Abacus: n.:
Chinese slide rule; the second style of pocket calculator; the origin of digital mathematics.
Use of the abacus is the merchant's form of counting one's beads, a traditionally religious action.
Abase: v.t.:![]()
prepare oneself for a meeting with one's employer, legislator or mother-in-law.
Abdication: n.:![]()
formal confirmation by a sovereign of his proper recognition of his actual fitness to rule.
Ability: n.:![]()
the difference between those who collect accomplishments in their lives and the rest of us, who merely dream of them.
Abnormal: adj.:![]()
different from me; not in accordance with my tastes, whims or prejudices.
Always be careful to observe the distinction between genuinely abnormal and merely unusual.
Abnormal psychology: n.:
a field of study which consists of characterizing and categorizing the emotions, perceptions, etc., of those to whom the student feels superior. The act of feeling superior is not, of course, considered to be abnormal.
Abortion: n.:
heiring-out the recreation room.
The issue of the legality and availability of medical abortion has become the most divisive issue in Christianity since the Reformation. Americans align themselves with the Right-to-Life and the Right-to-Liberty camps and freely apply the old maxim "all's fair in love and war."
The chosen methods demonstrate clearly that it's not love.
Above the law: phrase:
descriptive of any member of the White House staff (especially in "law-and-order" administrations.)
Abscond: v.i.:![]()
exercise power of attorney.
Absence: n.:
the primordial love philtre; anodyne to many a troubled marriage.
Absinthe: n.:
a legendary liqueur that actually had the kind of effects on its consumers that the temperance movement attribute to all kinds of liquor.
Traditional fosterer of alcoholic amory; it is celebrated in the saying "Absinthe makes the heart grow fonder."
Absolutely: adv.:
approximately.
Absolutism: n.:
the stance we assume in attempting to disguise the fact that we haven't confidence enough in our beliefs to let them stand on their own.
Absurd: adj.:
different from my beliefs.
Abuse: n.:
any pattern of use that I don't approve of; an excuse for hysteria and overreaction.

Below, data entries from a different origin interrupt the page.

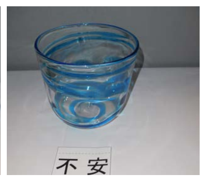
No.18 「不安」 大阪市立泉尾工業高等学校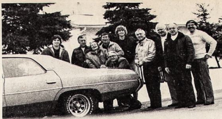
Montrealio Vyrų Oktetas pasirengęs išvykoti į Bostoną.

DARBO VALANDOS: pirmadieniais, antradieniais ir ketvirtadieniais nuo 10 v.r. iki 5 v.p.p., trečiadieniais nuo 10 iki 1 v.p.p., penktadieniais nuo 10 v.r. iki 7 v.v., šeštadieniais nuo 9 v.r. iki 12 v.r.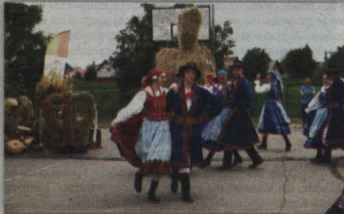
Zespół pieśni i tańca „Powiśle” bawił publiczność przez kilkadziesiąt minut.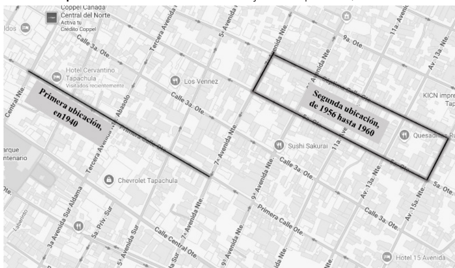
Mapa 1. Desarrollo de las zonas rojas en Tapachula, 1940-1960

Primera ubicación: aproximadamente en 1940, en la 1a. Avenida Oriente desde la Avenida Central hasta el parque Amparo Montes (Parque de los Mariachis). Segunda ubicación: alrededor de 1956 hasta la década de los sesenta abarcaba desde la 9a., 11a., 13a. y 15a. Avenida Norte con la 5a. y 7a. Avenida Oriente.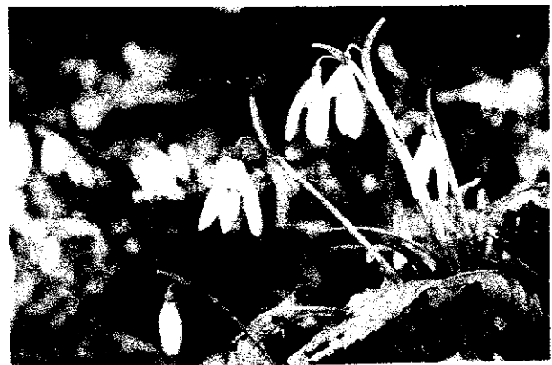
Il grazioso bucaneeve.

Al caro generale Landi, sempre così entusiasticamente vicino alla nostra Unione giungano le condoglianze più sentite ed affettuose dell'intero corpo sociale.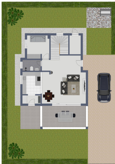
Exposplan, nicht maßstäblich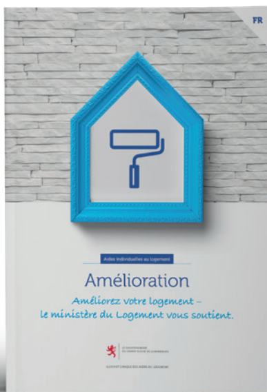
Aides individuelles pour l'amélioration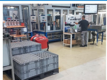
Ambientes con obstáculos 60 min / 700 - 800 m 2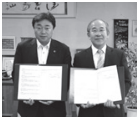
▲マックスバリュ北海道(株)との協定締結式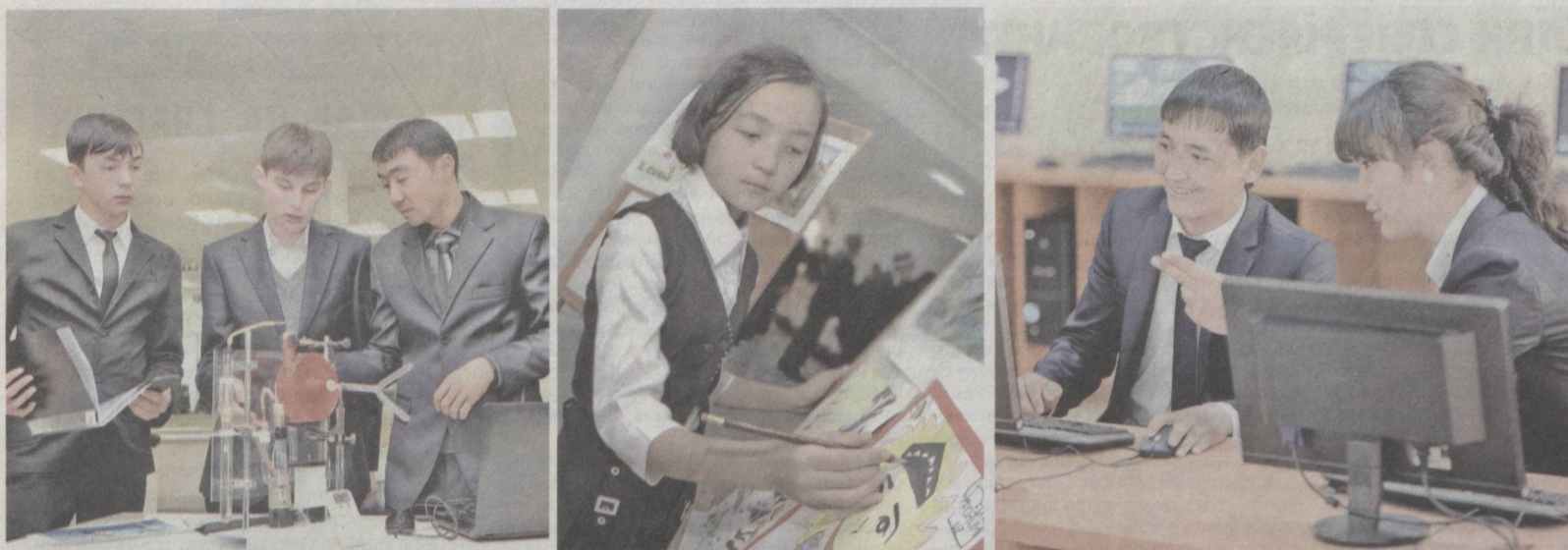
Под руководством Президента Ислама Каримова проводится масштабная работа по воспитанию физически, интеллектуально и духовно развитого поколения, способного на деле стать ведущей силой осуществляемых в стране преобразований.

Благополучие и процветание любой страны во многом определяется уровнем образования молодежи, ее готовности взять на себя ответственность за будущее государства, умением решать сложные и широкомасштабные задачи в процессе формирования демократического общества.

Various kinds of abuse exist in culture, and some constitute real social problems. The standard reaction of hysterically criminalizing any activity that has elements in common with the abuse, however, rarely accomplishes anything positive toward reducing the problem.
Academe: n.:![]()
fabulous land where the towers are of ivory and the seats are upholstered with sheepskin.
Academic: adj.:
isolated from the real world; irrelevant.
Academic freedom: n.:
an institution that allows professors to teach what is, instead of what is popular; the only barrier that prevents all science being political science.
Accordion: n.:![]()
a musical instrument whose behavior in use emulates the patterns of traffic flow during rush hour.
Accountant: n.:
one who, when asked "how much is 2 + 2 ?" replies "How much do you need it to be?"
Acephalous: adj.:![]()
in the fashion of Irving's Horseman, any of several of Henry VIII's ex-wives, or one of Ko-Ko's clients; the customary state one finds oneself in after an evening of dancing with Mme. Guillotine.
Acerbic: adj.:
the condition of a stable Bosnia.
Acerebral: adj.:
Intellectual, as contrasted with cerebral: intellectual.
ACLU: acronym:
Activists Caring Little for Us. To conservatives, the Atheist Communist Lawyers' Union.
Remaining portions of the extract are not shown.